Resumo |
Este trabalho privilegia a focalização da língua como propriedade mental dinâmica, que constantemente retorna sobre si mesma e se reconstrói (Humboldt, 1836/1990:65). Observa-se o fenômeno da concordância para formular hipóteses de como se dá seu funcionamento no plano da elaboração cognitiva, considerando o contexto social, coparticipante dessa construção. Apoiamo-nos na abordagem da língua como multissistêmica, desenvolvida por Castilho (2010), segundo a qual a língua é um conjunto de produtos e processos governados pelos dispositivos sociocognitivos de ativação, reativação e desativação de propriedades dos quatro subsistemas da língua: gramática/ gramaticalização; semântica/semanticização; léxico/lexicalização; discurso/discursivização.

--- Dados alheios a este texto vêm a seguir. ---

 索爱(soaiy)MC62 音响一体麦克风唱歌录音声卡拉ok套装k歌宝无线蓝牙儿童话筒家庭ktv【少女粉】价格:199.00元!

Os quatro sistemas são regidos por um dispositivo sócio-cognitivo que opera sobre a língua, ativando/reativando/desativando as propriedades lexicais, semânticas, discursivas e gramaticais. São governados por esse dispositivo, que tem caráter pré-verbal. Este dispositivo é social porque é baseado em uma análise continuada das situações que ocorrem em um ato de fala, e é cognitivo porque lida com categorias cognitivas tais como visão, espaço, tempo, movimento. Além disso, os quatro sistemas são organizados pelo que Castilho chama de princípio da projeção (no sentido de lanço, arremeço).
A atuação do princípio de projeção no sistema do discurso, por exemplo, dá como resultado a construção do texto (Jubran & Koch 2006). A concordância, que se materializa no texto, é entendida como uma das manifestações desse princípio, podendo ser articulada tanto pelo sistema gramatical, quanto semântico e discursivo. Assim, alguns episódios de fala ou escrita que não correspondem à concordância padrão podem ser reveladores da manifestação do sistema semântico ou discursivo na sua elaboração.

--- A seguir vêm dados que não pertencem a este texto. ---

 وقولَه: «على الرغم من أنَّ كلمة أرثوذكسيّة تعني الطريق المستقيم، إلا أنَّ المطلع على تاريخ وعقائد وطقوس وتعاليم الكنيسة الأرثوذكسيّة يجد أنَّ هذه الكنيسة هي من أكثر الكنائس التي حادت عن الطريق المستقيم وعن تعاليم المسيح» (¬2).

Os dados, retirados do corpus do projeto temático de pesquisa Para a História do Português Paulista a partir de uma seleção qualitativa, estão a serviço de mostrar a multissistemacidade da língua - são reveladores de que ora se projeta um componente discursivo para formar a concordância, ora um componente semântico, ora gramatical. A partir das análises, buscamos exemplificar o princípio de projeção, atuante na formulação da concordância.
Referências Bibliográficas
CASTILHO, A. T. de (2010) Nova Gramática do Português Brasileiro. São Paulo: Contexto.
HUMBOLDT, W. (1836/1986) Sobre la diversidad de la estructura de lenguaje humano y su influencia sobr el desarrollo spiritual de la humanidad. Trad. Ana Agud. Barcelona/Madrid: Anthropos/Ministerio de education y Ciencia.
JUBRAN, C. & KOCH, I. (org.) (2006). Gramática do português culto falado no Brasil, vol.1, Construção do texto falado. Campinas: Editora da Unicamp.